6/23/2014 4:56:08 PM

Study links pesticide exposure in pregnancy to autism

Reuters

A spray plane sprays pesticide on peas in an undated photo. (Getty Images)


By Kathryn Doyle

NEW YORK (Reuters Health) - In a new study from California, children with an autism spectrum disorder were more likely to have mothers who lived close to fields treated with certain pesticides during pregnancy.

Proximity to agricultural pesticides in pregnancy was also linked to other types of developmental delay among children.

“Ours is the third study to specifically link autism spectrum disorders to pesticide exposure, whereas more papers have demonstrated links with developmental delay,” said lead author Janie F. Shelton, from the University of California, Davis.

There needs to be more research before scientists can say that pesticides cause autism, she told Reuters Health in an email. But pesticides all affect signaling between cells in the nervous system, she added, so a direct link is plausible.

California is one of only a few states in the U.S. where agricultural pesticide use is rigorously reported and mapped. For the new study, the researchers used those maps to track exposures during pregnancy for the mothers of 970 children.

The children included 486 with an autism spectrum disorder (ASD), 168 with a developmental delay and 316 with typical development.

Developmental delay, in which children take extra time to reach communication, social or motor skills milestones, affects about four percent of U.S. kids, the authors write. The Centers for Disease Control and Prevention estimates that one in 68 children has an ASD, also marked by deficits in social interaction and language.

In the new study, about a third of mothers had lived within a mile of fields treated with pesticides, most commonly organophosphates.

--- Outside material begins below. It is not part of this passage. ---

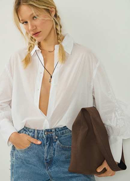 Блузка из вуалевого хлопка с вышивкой, Белый

Children of mothers exposed to organophosphates were 60 percent more likely to have an ASD than children of non-exposed mothers, the authors report in Environmental Health Perspectives.

Autism risk was also increased with exposure to so-called pyrethroid insecticides, as was the risk for developmental delay. Carbamate pesticides were linked to developmental delay but not ASDs.

For some pesticides, exposure seemed to be most important just before conception and in the third trimester, but for others it didn’t seem to matter when during pregnancy women were exposed.

Dr. Philip J. Landrigan speculated that the pesticides probably drifted from crops through the air, and that’s how pregnant women were exposed. The new study did not measure airborne pesticide levels, however.

Landrigan directs the Children's Environmental Health Center at the Icahn School of Medicine at Mount Sinai in New York and was not involved in the new study.

“We already knew from animal studies as well as from epidemiologic studies of women and children that prenatal exposure (to pesticides) is associated with lower IQ,” Landrigan told Reuters Health. “This study builds on that, uses the population of a whole state, looks at multiple different pesticides and finds a pattern of wide association between pesticide exposure and developmental disability.”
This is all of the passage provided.